In 2009, an inclusive government came to power, which included the MDC. At that time most hospitals were closed. 

There were no drugs and women could not give birth in public hospitals. 

The inclusive government attracted many donors who brought in experts to get hospital doors open again and provide drugs for many HIV sufferers, particularly in rural area; as a result, hospitals doors opened again. 

Despite all these efforts, the country's health service remained a cause for concern. 

While life expectancy, maternal deaths and infant mortality rates saw an improvement from 2009 figures, the health system continued falling apart. 

The Parirenyatwa Hospital in Harare, the only teaching hospital, closed down its toilets on the ground floor. 

Three months ago, several nurses at the hospital told Independent Newspapers they had nowhere to live within the hospital any more as toilets were broken down.  

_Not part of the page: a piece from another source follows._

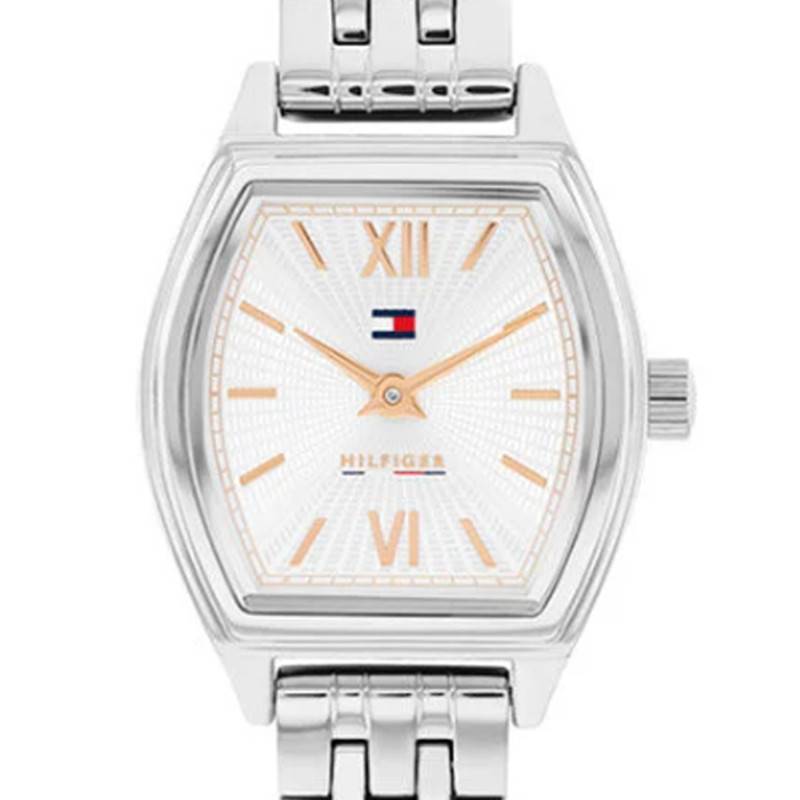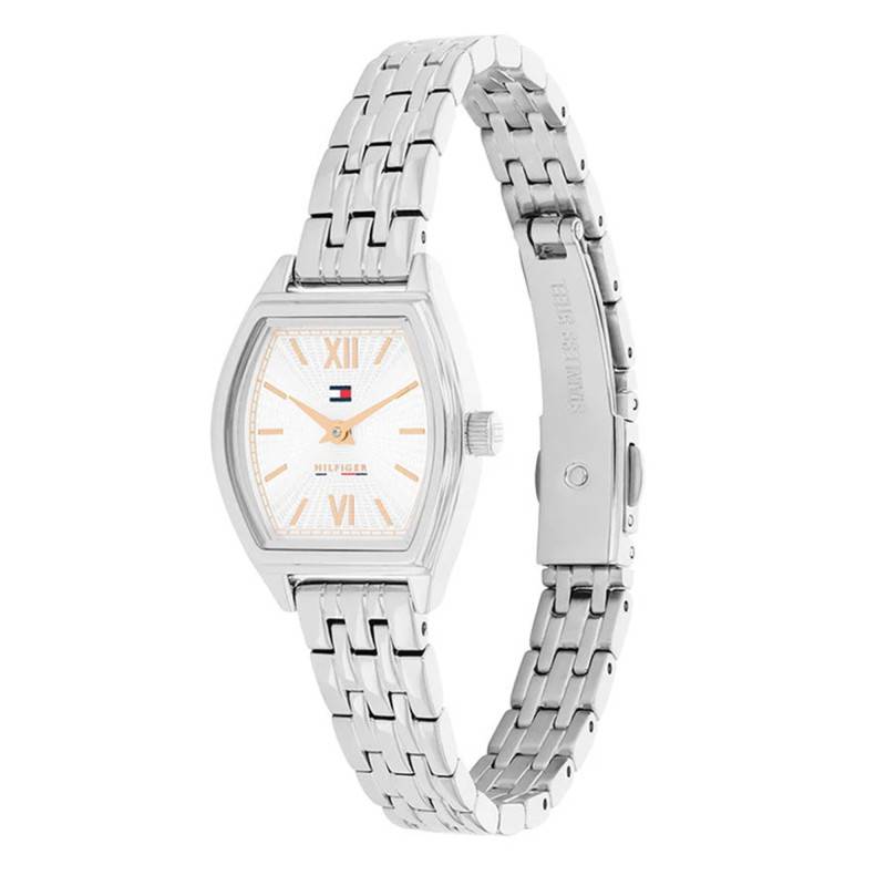 La montre Tommy Hilfiger Norah est une véritable incarnation de l'élégance moderne avec son boîtier en forme de tonneau fabriqué en acier inoxydable. Pesant seulement 42 grammes, elle allie légèreté et robustesse. Avec ses dimensions compactes, notamment un diamètre de 22 mm et une épaisseur de 7 mm, elle s'adapte parfaitement à un poignet féminin. Le fond du boîtier est emboité, garantissant un assemblage harmonieux et discret
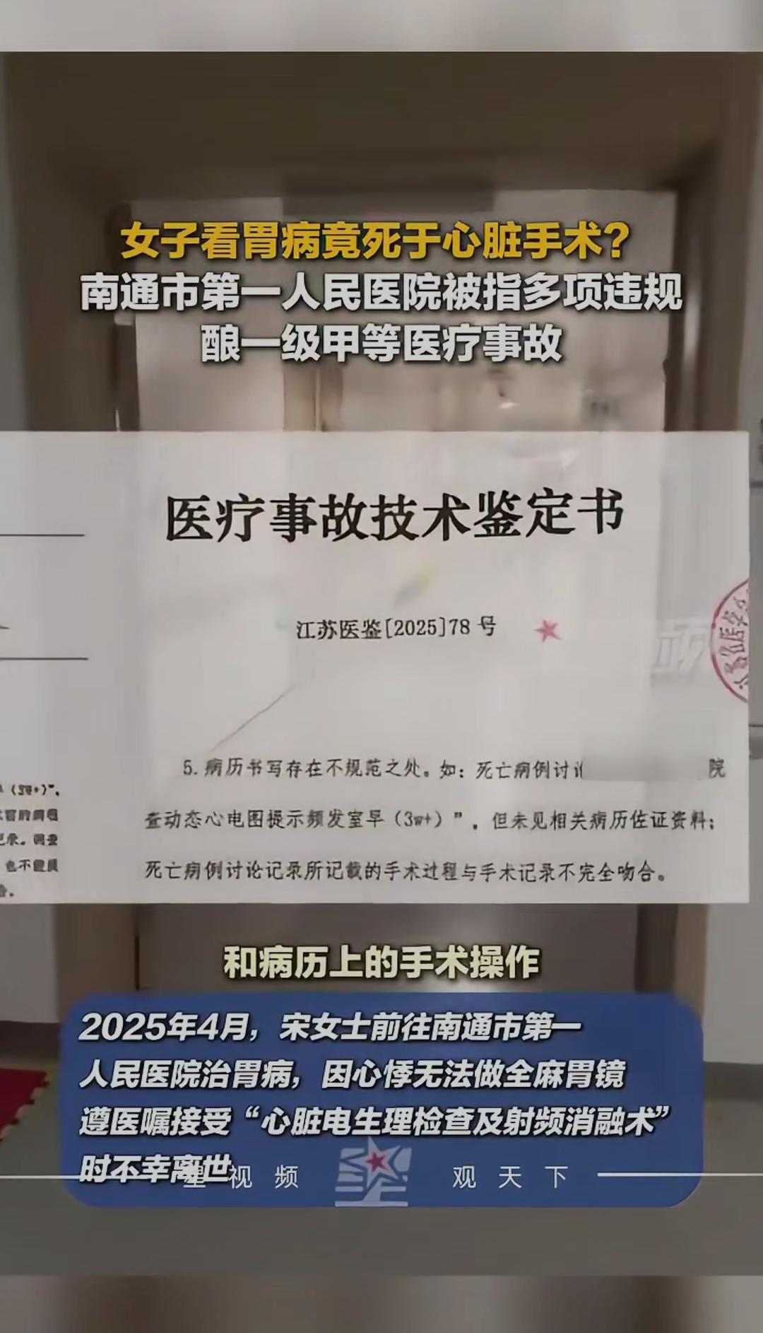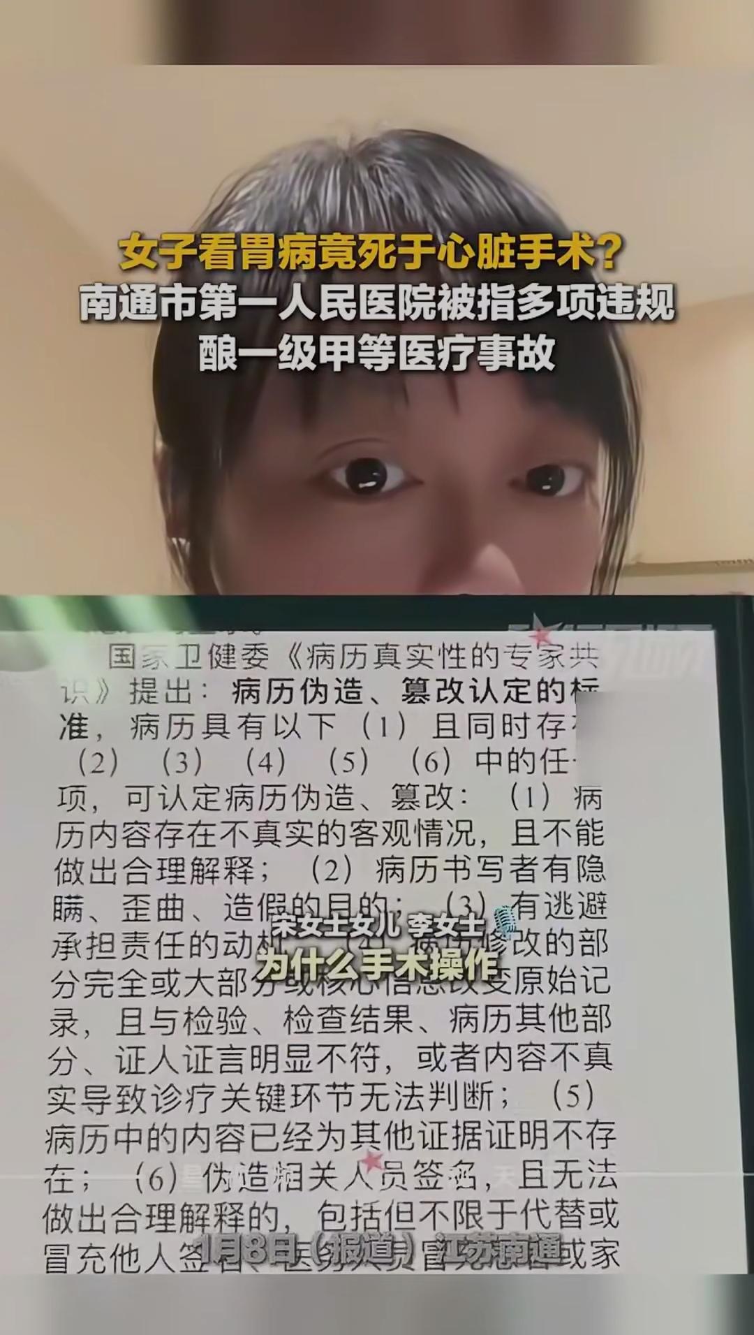 女子看胃病竟死于心脏手术?南通一院多项违规酿惨剧,一级甲等医疗事故警醒所有人!医院重大事故 “只是想治个胃病,怎么就再也回不来了?” 江苏南通这场医疗悲剧,让无数人脊背发凉。60岁的宋女士因上腹痛就诊南通市第一人民医院,本计划做胃镜检查,却被医生告知“心悸不能全麻”,必须先做心脏射频消融术,否则后续治疗无法进行。尽管家人劝阻,且北京权威专家评估后认为“药物可控制,无需手术”,但宋女士终究拗不过医嘱,踏上了不归路。 2025年4月29日,这场被描述为“微创低风险”的手术中,宋女士突发呼吸心跳骤停,经两小时抢救无效离世。尸检报告揭开残酷真相:致死原因为术中急性左冠状动脉损伤,而这一切本可避免。省、市两级医疗事故鉴定明确指出,这是一起一级甲等医疗事故,医方承担主要责任——手术前未做关键的冠状动脉造影排查风险,高风险操作前未充分告知家属,术中也未尽到谨慎注意义务。 更让家属崩溃的是,医院仅做简单心电图就安排手术,全程未如实披露左冠窦区域消融的高风险。而事故发生后,双方协商赔偿时,医院却以“家属索赔超出法定标准”为由迟迟未达成一致。 消息传开,网友愤怒刷屏:“治病不是流水线!医生的草率,就是拿患者生命赌运气!”“知情权被无视,谨慎义务成空话,这样的医疗失误太致命!” 其实这场悲剧的核心,早已超越单一事故本身——当医者的责任心让位于流程化操作,当患者的信任被专业优势裹挟,医疗安全的底线便岌岌可危。 《民法典》明确规定,医务人员必须向患者如实说明医疗风险和替代方案,这不仅是法律要求,更是医者仁心的底线。南通一院的道歉和整改承诺,终究换不回逝去的生命。这起事故给所有医疗机构敲响警钟:医疗的本质是守护生命,而非冰冷的流程;每一次决策都该如履薄冰,每一句告知都该坦诚相待。 你在就医时遇到过类似的“强制推荐治疗”吗?

The mortuary was not working properly at that time either. The hospital looks and is, largely derelict. 

Four major hospitals - Harare Central, Parirenyatwa, United Bulawayo Hospitals, and Mpilo Central - all have critical shortages of drugs. 

Mpilo Central "has below 50% of its requirements,” the hospital revealed in a recent statement. 

Most patients, even the poorest, meanwhile, often have to find money to pay for drugs at state hospitals. 

So dire is the state of the country's hospitals, Mugabe himself refuses to use them when seeking treatment, opting to consults doctors in Singapore. 

The president spends hundreds of millions of rands several times a year on medical treatment, using one of only three Air Zimbabwe planes to fly to Asia to get treatment for his eyes; this despite Zimbabwe having good eye specialists. 

Senior Zanu-PF officials also choose to seek medical treatment in other countries, with the likes of vice president Emmerson Mnangagwa opting to seek treatment in South Africa.  

The same can be said for cancer treatment, with patients having no access to chemotherapy.